Deprecated: Use 'provider_type' field instead. The endpoint type for the embedding model.

Accepts one of the following:

"openai"

"anthropic"

"bedrock"

"google_ai"

"google_vertex"

"azure"

"groq"

"ollama"

"webui"

"webui-legacy"

"lmstudio"

"lmstudio-legacy"

"llamacpp"

"koboldcpp"

"vllm"

"hugging-face"

"mistral"

"together"

"pinecone"

Deprecatedembedding_model: string

Deprecated: Use 'name' field instead. Embedding model name.

name: string

The actual model name used by the provider

provider_name: string

The name of the provider

provider_type: ProviderType

The type of the provider

Accepts one of the following:

"anthropic"

"azure"

"baseten"

"bedrock"

"cerebras"

"chatgpt_oauth"

"deepseek"

"fireworks"

"google_ai"

"google_vertex"

"groq"

"hugging-face"

"letta"

"lmstudio_openai"

"minimax"

"mistral"

"ollama"

"openai"

"together"

"vllm"

"sglang"

"openrouter"

"xai"

"zai"

"zai_coding"

Deprecatedazure_deployment: optional string

Deprecated: The Azure deployment for the model.

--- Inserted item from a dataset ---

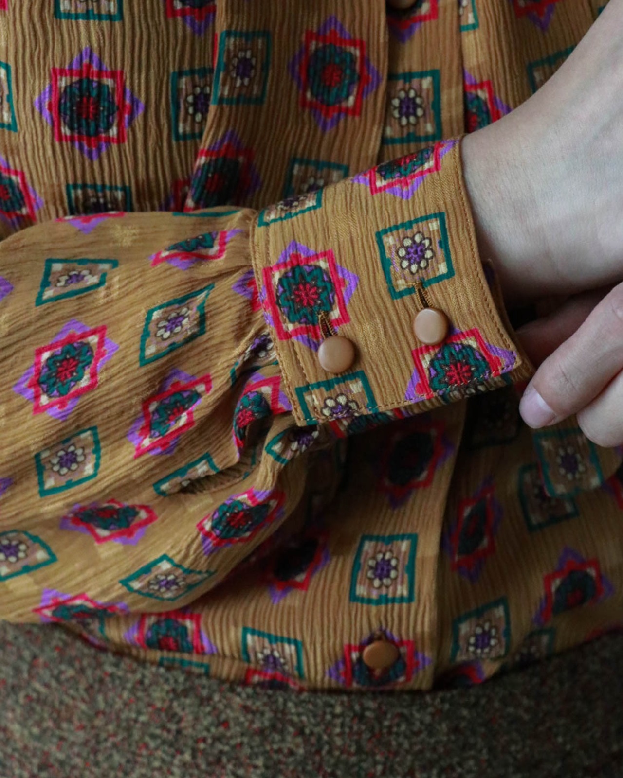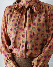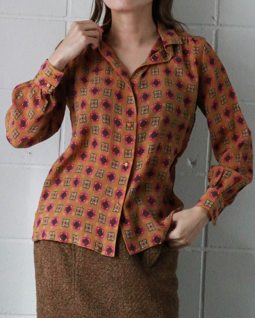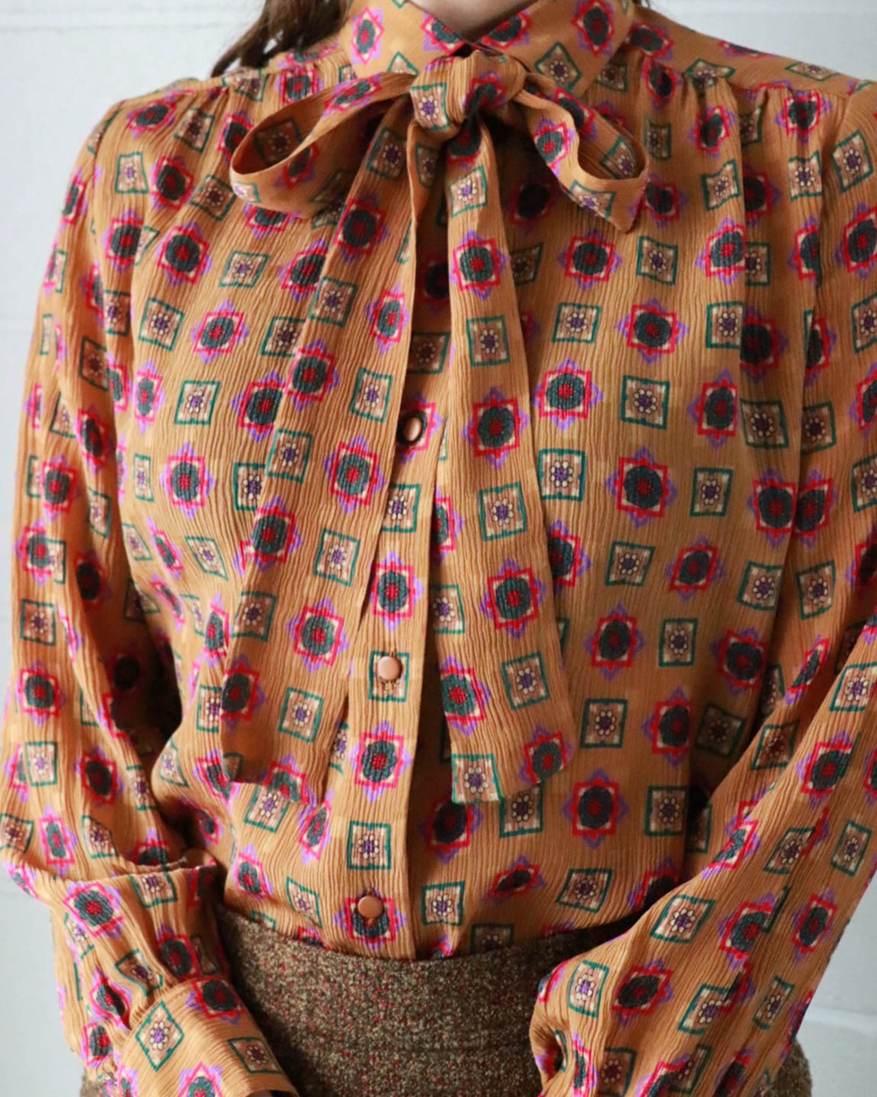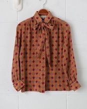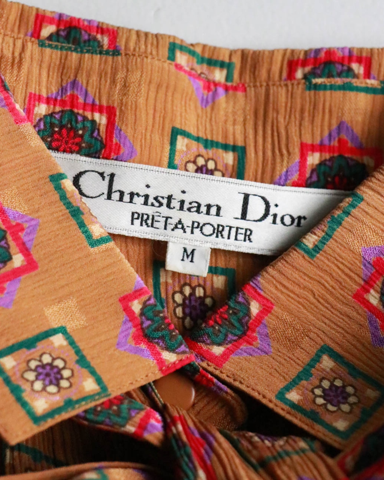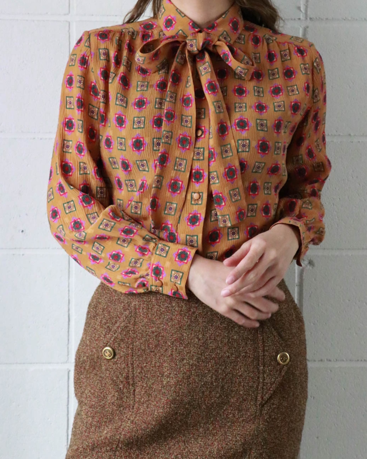 温かみのあるキャメルブラウンに幾何学柄にフローラルが溶け合うディオールらしいプリント。首元のボウタイがクラシカルなムードを添え、さりげなく女性らしさを引き立ててくれる一枚です。

Deprecatedazure_endpoint: optional string

Deprecated: The Azure endpoint for the model.

Deprecatedazure_version: optional string

Deprecated: The Azure version for the model.

Deprecatedbatch_size: optional number

Deprecated: The maximum batch size for processing embeddings.

Deprecatedembedding_chunk_size: optional number

Deprecated: The chunk size of the embedding.

Deprecatedembedding_endpoint: optional string

Deprecated: The endpoint for the model.

handle: optional string

The handle for this config, in the format provider/model-name.

model_type: optional "embedding"

Type of model (llm or embedding)

LlmConfig = object { context_window, model, model_endpoint_type, 24 more }

Configuration for Language Model (LLM) connection and generation parameters.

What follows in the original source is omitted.